Go to the line with "VISOR. //// Jå ////" in the material below and copy from there through the line with "2023年懷化分公司春運(yùn)專報(bào)-第41期", exactly. Pictures are not copied.

*** Opening of The data ***

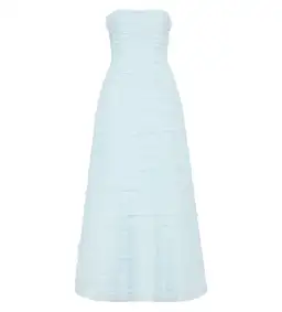 Our Aje Soundscape Maxi is a strapless dress with horizontal organza frills throughout. The dress has a fitted bodice with internal boning and a voluminous skirt.
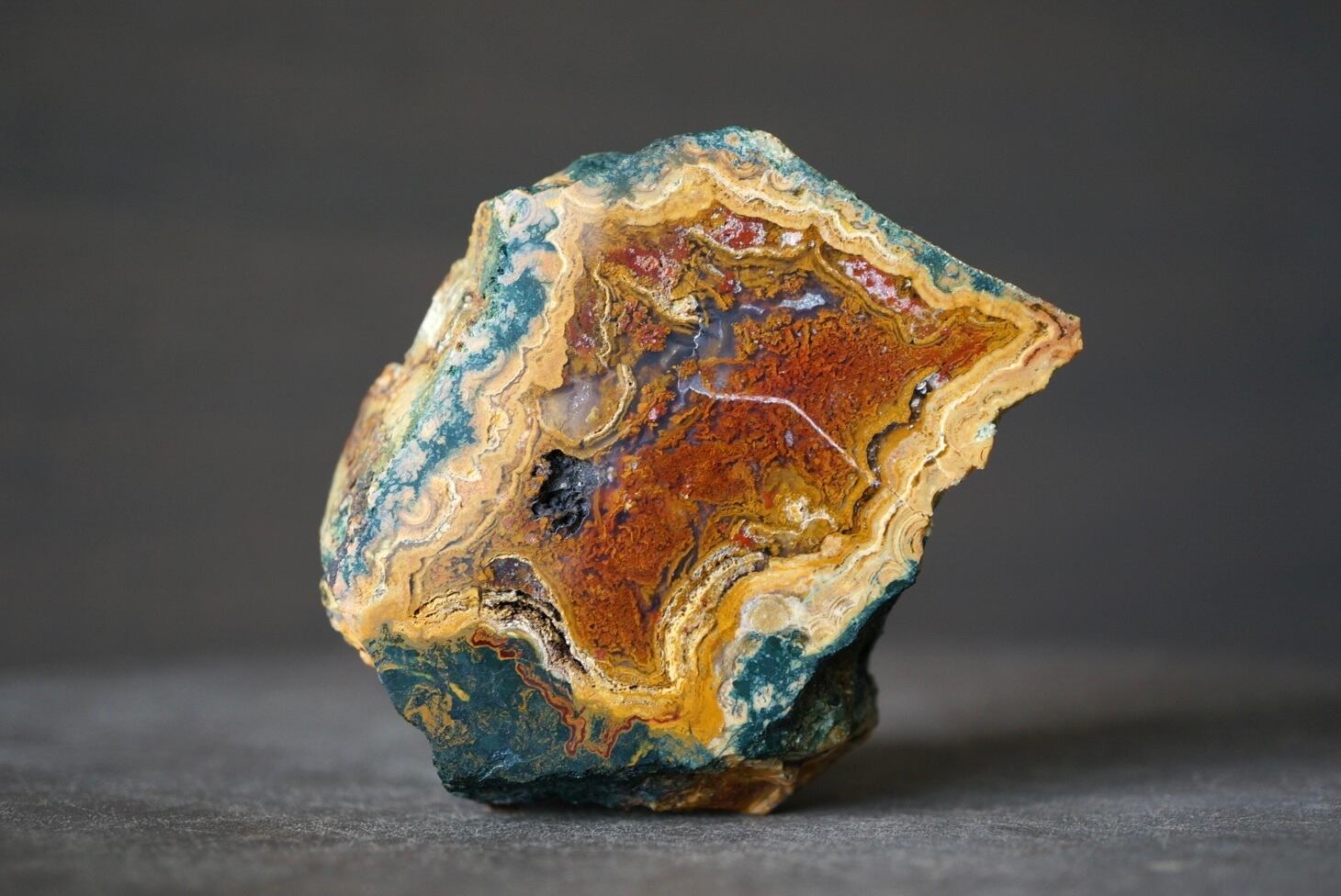 外殻のセラドナイトによる深いグリーンとコアのブラウンカラーが特徴で、内部にはモス状のプルームや透明のプルームを宿しており、他産地の瑪瑙では見られない美しい個性を持った一石です。
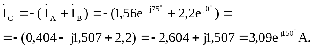 Ток линейного провода «Сс» и фазы «с» приемника определяем с помощью первого закона Кирхгофа. Для схемы без нулевого провода:
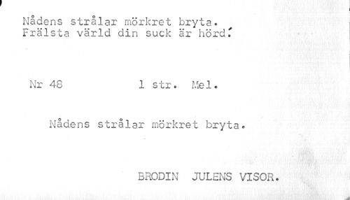 //// I //// I. //// Nådens strålar mörkret bryta. Frälsta värld din suck är hörd T //// i //// Nr 48 1 str. Mel. //// » //// Nådens strålar mörkret bryta• //// BRODIN JULENS VISOR. //// Jå ////
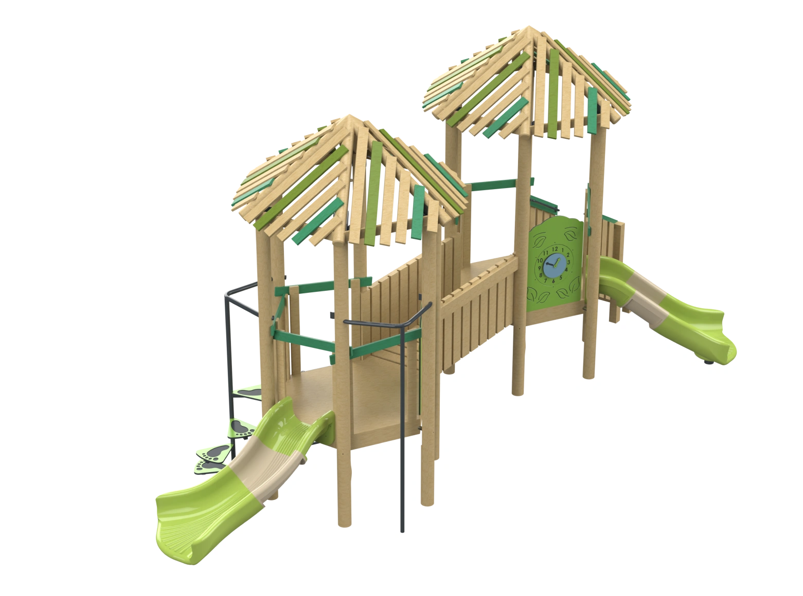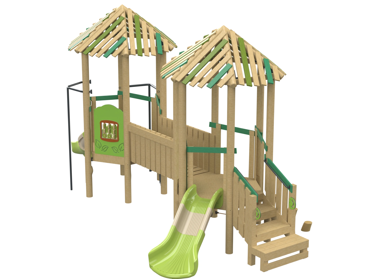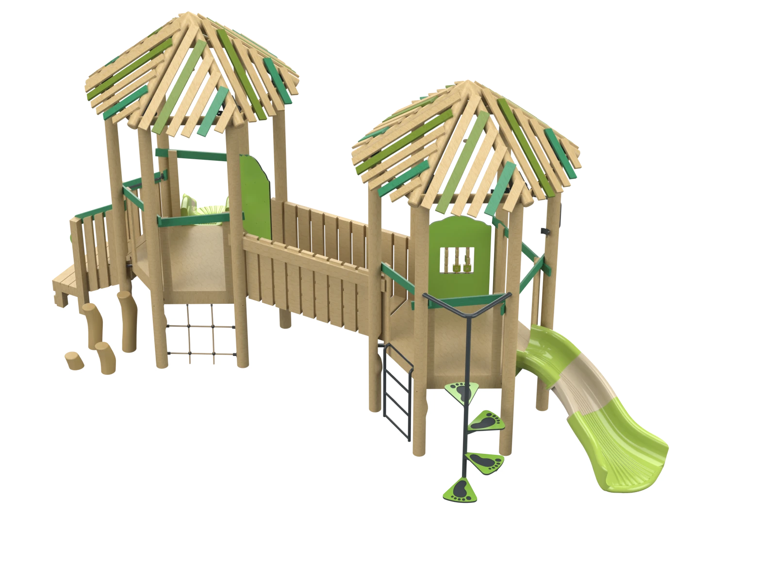 The Espresso model is a combined play system made from Robinia Wood, featuring two towers connected by a bridge. The system includes slides, climbing elements, and other play activities suitable for children of various ages. The natural Robinia Wood design blends wonderfully into green environments, providing children with a sense of adventure while developing motor skills, balance, and coordination.
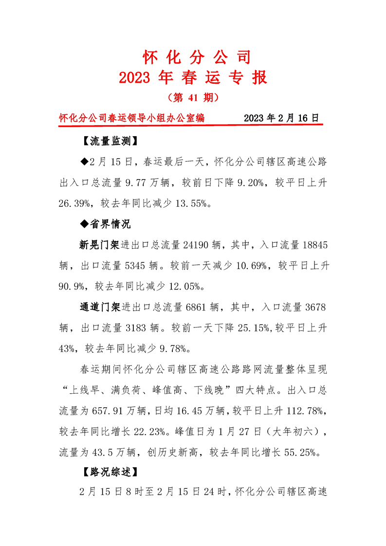 2023年懷化分公司春運(yùn)專報(bào)-第41期
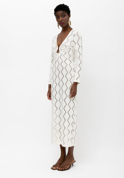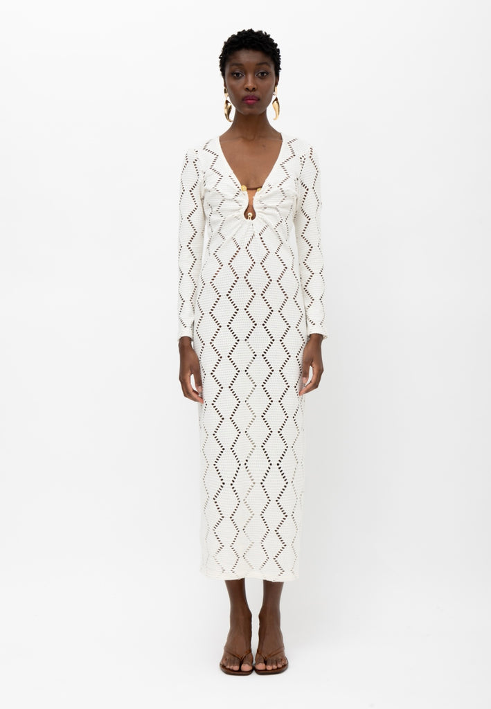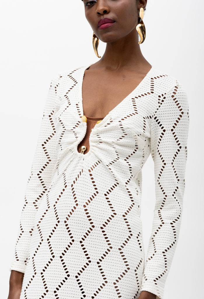 A stunning embodiment of bohemian elegance, this crochet dress is a timeless chic option for your island walks. The deep-V neckline, combined with the gold detail makes it a true statement piece
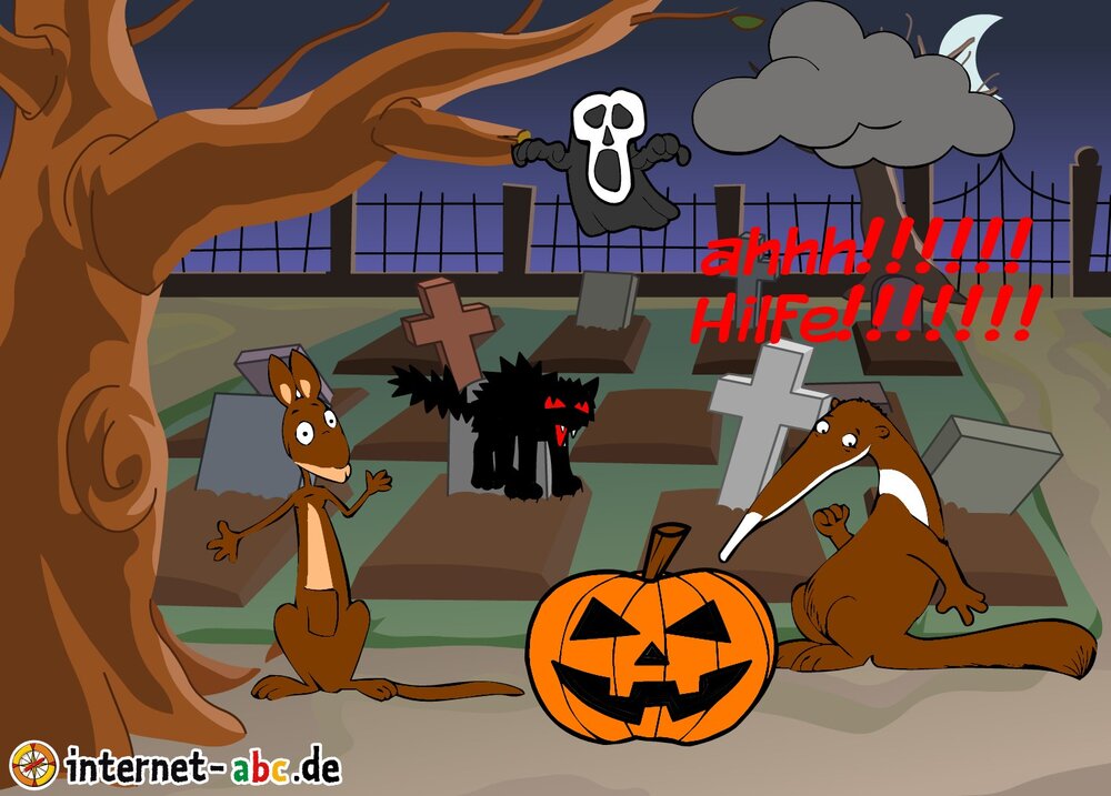 Gruseln mit Eddie, Flizzy, Percy und Jumpy - auf dem Friedhof oder in einem einsamen Schloss! Fledermäuse und Gespenster kreisen um sie herum. Malt Halloween-Bilder und schreibt Geschichten dazu!
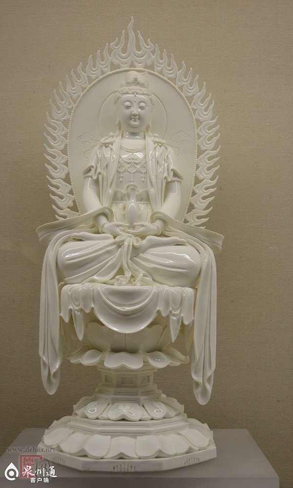 “在新春佳節(jié)來臨之際,舉辦此次高水準(zhǔn)陶瓷精品展,希望海內(nèi)外游客和當(dāng)?shù)厥忻裨诩压?jié)期間可以感受高超的藝術(shù)魅力。”此次展覽策展人徐建勇說,此次展覽定位于德化當(dāng)代國家級(jí)陶瓷大師的經(jīng)典之作,代表了當(dāng)今德化乃至中國陶瓷傳統(tǒng)雕塑創(chuàng)作的最高水平,其中已故中國工藝美術(shù)大師蘇清河《坐荷花觀音》、首屆中國陶瓷藝術(shù)大師楊劍民《哪吒鬧!泛椭袊沾伤囆g(shù)大師許興澤《大毫光觀音》等均為陶瓷藝術(shù)孤品,有的還是首次對(duì)外展示。

*** Close of The data ***

■ Answer for the task:
 //// I //// I. //// Nådens strålar mörkret bryta. Frälsta värld din suck är hörd T //// i //// Nr 48 1 str. Mel. //// » //// Nådens strålar mörkret bryta• //// BRODIN JULENS VISOR. //// Jå ////
 The Espresso model is a combined play system made from Robinia Wood, featuring two towers connected by a bridge. The system includes slides, climbing elements, and other play activities suitable for children of various ages. The natural Robinia Wood design blends wonderfully into green environments, providing children with a sense of adventure while developing motor skills, balance, and coordination.
 2023年懷化分公司春運(yùn)專報(bào)-第41期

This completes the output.